Dunnes’ first employee honoured after 67-year career

DUNNES Stores’ right-hand man Dan Barrett has occupied all of the hot seats.

The Corkman, who was supermarket dynamo Ben Dunne Snr’s first-ever employee, mentor and subsequently director as the family empire grew, yesterday got to warm a red velour seat at Cork City Hall — one set to be graced by the queen of England next month.

Recently turned 90 years of age and still working, Mr Barrett was the first man to commit to the Dunnes vision and drive for better value. The company launched at the end of the Second World War, now he sees it in the trenches in current supermarket price wars. And he still loves it.

“There’s better value than ever before for shoppers,” Dan Barrett asserts, using his temporary seat in mayoralty chambers to call for car-parking for St Patrick Street, where Dunnes flagship and first store has been reinstated thanks to his efforts.

His commitment, and long, long career at the top of the Dunnes firm was yesterday honoured by the Cork Business Association, and by Cork’s Lord Mayor when Mr Barrett signed the Visitors’ Book at a special City Hall reception in his honour.

Lord Mayor Cllr Michael O’Connell pointed out that one of the next visitors will be Queen Elizabeth II and quipped “where you’re sitting now, she’ll be sitting”.

The first citizen recalled earlier royal visitors to Cork, including Queen Victoria’s two visits, first in 1849, again in 1900.

Queen Victoria held Britain’s longest sovereign reign, at 63 years and seven months: Dan Barrett has had a 67-year career and is still going strong.

Other dynasties came into the frame yesterday as Mr Barrett described himself as “a genuine rebel, born on Cork’s Magazine Road, educated locally, married to a Cork woman Pat and having raised my own family (Anne, Thomas and David) in Cork, despite much pressure to move to Dublin”.

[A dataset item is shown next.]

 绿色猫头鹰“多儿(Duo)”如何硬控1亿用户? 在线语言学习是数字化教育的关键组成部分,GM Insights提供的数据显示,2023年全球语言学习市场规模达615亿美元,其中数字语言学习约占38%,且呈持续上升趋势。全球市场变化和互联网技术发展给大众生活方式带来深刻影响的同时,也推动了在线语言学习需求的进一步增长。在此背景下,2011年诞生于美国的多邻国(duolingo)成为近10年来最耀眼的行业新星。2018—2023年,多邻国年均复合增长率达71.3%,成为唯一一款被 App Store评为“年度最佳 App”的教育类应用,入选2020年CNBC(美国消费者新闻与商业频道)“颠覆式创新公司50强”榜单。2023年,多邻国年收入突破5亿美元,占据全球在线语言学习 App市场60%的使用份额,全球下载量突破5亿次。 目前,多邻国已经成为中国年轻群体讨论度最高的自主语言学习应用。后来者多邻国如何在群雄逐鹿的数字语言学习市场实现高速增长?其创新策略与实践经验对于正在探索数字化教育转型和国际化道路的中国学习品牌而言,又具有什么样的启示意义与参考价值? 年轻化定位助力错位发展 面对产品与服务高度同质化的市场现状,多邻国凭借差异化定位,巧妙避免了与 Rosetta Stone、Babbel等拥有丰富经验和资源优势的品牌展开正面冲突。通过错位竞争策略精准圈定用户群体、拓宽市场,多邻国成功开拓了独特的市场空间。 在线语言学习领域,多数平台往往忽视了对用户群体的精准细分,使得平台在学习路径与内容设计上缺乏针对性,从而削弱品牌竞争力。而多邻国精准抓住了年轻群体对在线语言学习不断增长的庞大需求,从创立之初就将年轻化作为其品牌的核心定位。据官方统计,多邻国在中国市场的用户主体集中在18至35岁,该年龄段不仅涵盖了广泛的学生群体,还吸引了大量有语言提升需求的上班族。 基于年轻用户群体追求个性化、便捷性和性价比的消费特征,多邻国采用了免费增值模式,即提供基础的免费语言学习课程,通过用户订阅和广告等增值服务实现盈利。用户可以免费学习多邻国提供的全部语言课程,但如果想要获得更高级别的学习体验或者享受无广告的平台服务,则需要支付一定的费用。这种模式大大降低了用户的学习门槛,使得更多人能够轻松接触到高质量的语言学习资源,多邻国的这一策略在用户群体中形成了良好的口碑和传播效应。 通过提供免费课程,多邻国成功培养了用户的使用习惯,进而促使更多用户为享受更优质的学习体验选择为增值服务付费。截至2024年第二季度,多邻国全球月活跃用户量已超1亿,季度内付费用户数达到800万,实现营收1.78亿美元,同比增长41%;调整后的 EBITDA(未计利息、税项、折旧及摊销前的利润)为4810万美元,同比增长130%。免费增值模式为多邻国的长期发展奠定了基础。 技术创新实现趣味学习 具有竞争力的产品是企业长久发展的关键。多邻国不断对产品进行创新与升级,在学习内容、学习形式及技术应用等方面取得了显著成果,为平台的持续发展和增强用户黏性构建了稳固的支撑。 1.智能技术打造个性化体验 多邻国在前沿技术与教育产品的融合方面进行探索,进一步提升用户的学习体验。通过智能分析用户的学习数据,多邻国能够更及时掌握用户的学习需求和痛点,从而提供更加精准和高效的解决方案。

Mr Barrett has now worked with three generations of the Dunne family, who’ve got 16,000 employees in 155 stores in Ireland, Spain and Britain.

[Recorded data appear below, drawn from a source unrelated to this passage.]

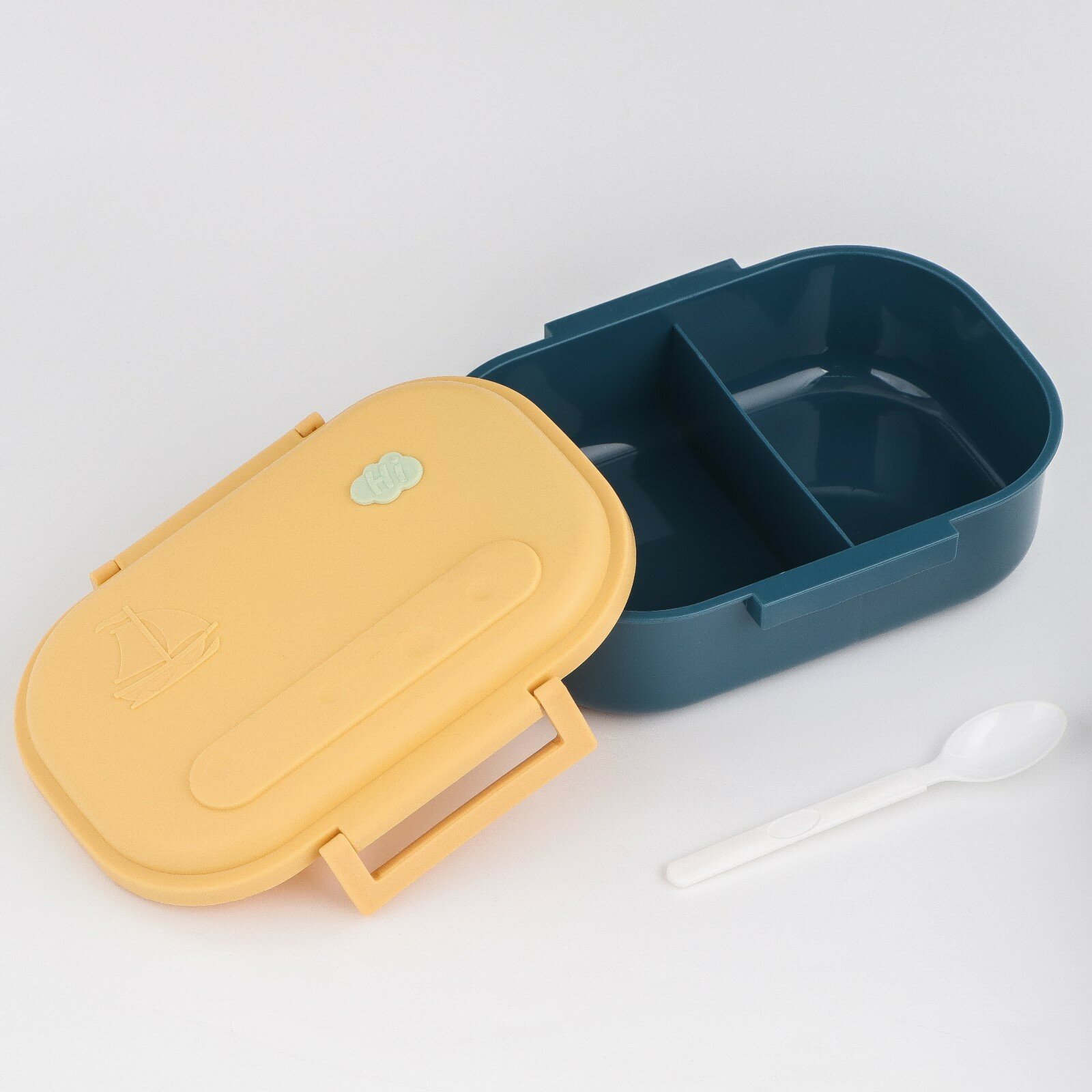Ланч бокс контейнер для еды с раздельными секциями - синий , 25х18х7 / металлический
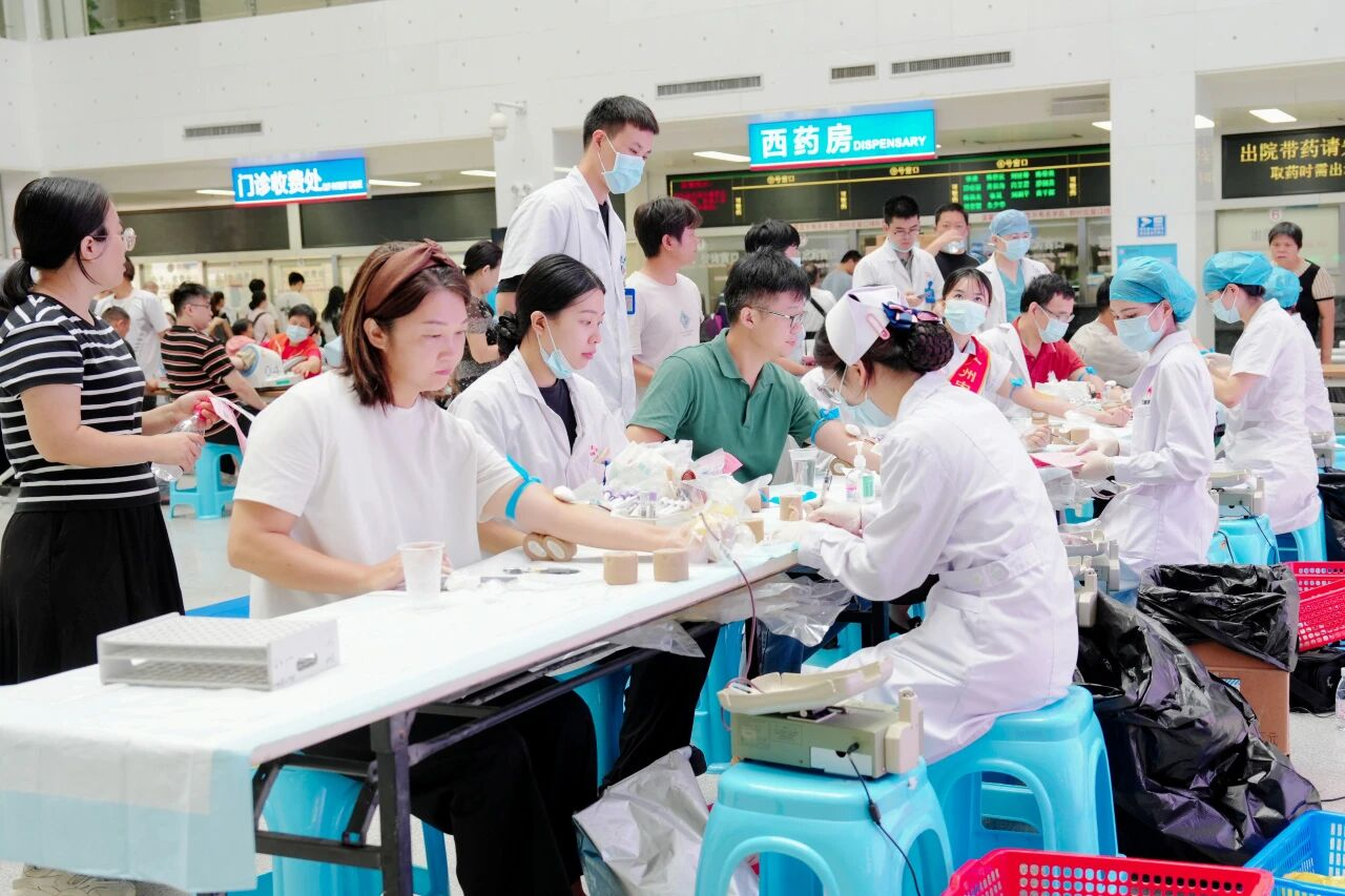 上午8:30,献血点已排起长队。员工们依次完成信息登记、血压测量和血液初筛等环节。许多医护人员刚下夜班就赶来现场,行政后勤人员也积极加入。
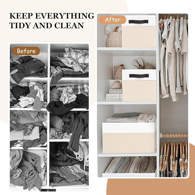 - 【PREMIUM QUALITY】 These bins for organization are made of stiff plastic boards on all sides and bottom, so these storage cubes could remain sturdy for years, stackable, and odorless in enclosed space. Durable non-woven fabric ensures these organizer baskets long-lasting. The organizer bin is stitched with 2 handles for a firm grip and easy carrying.
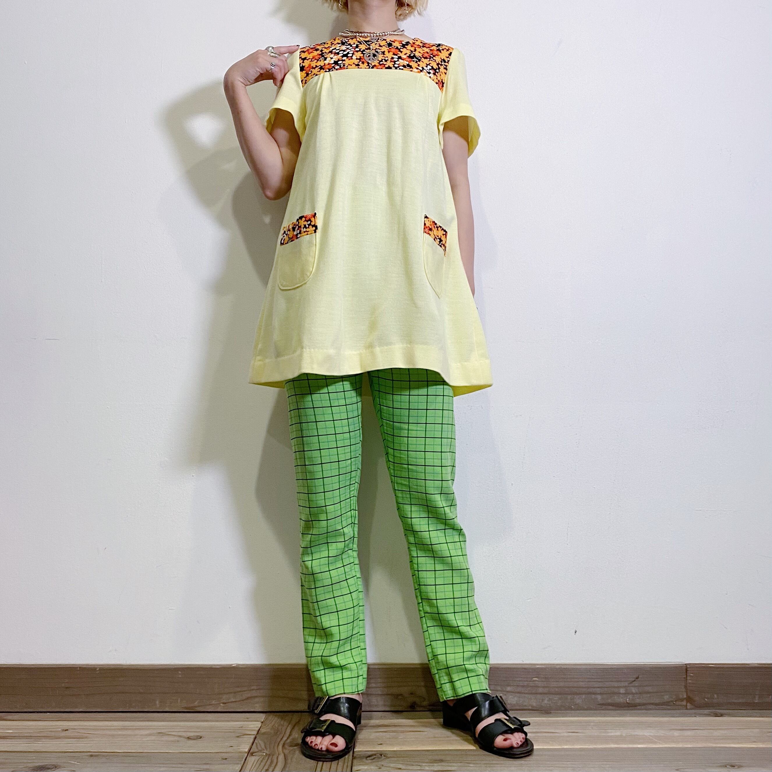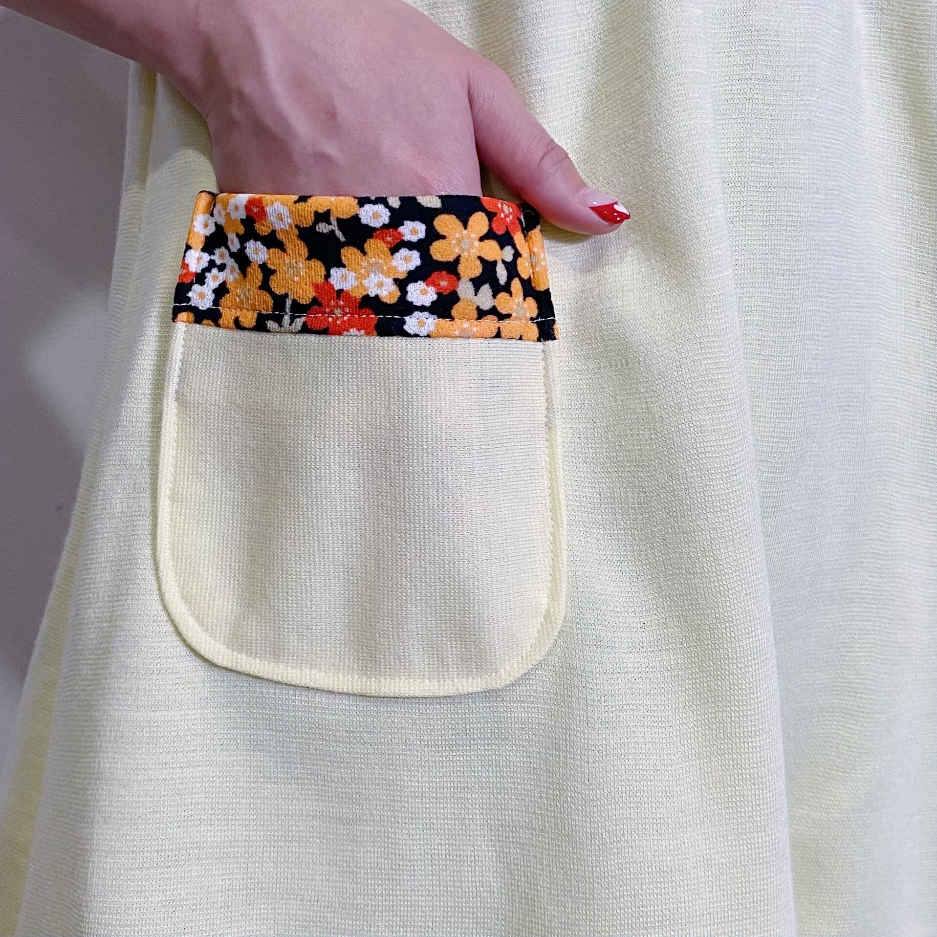 淡いイエローカラーに花柄の切り替えが可愛い、70年代の半袖トップスです。

Dan Barrett noted that his father had been in the retail trade, as a buyer for T Lyons & Co. Mr Barrett himself had started in Roches Stores before crossing St Patrick Street to start with “genius” Ben Dunne, he had three sisters working in the Queens Old Castle, and a brother in Mannix and Cullinane. His own son David Barrett works in Dunnes’ Dublin HQ, 27 years into his apprenticeship.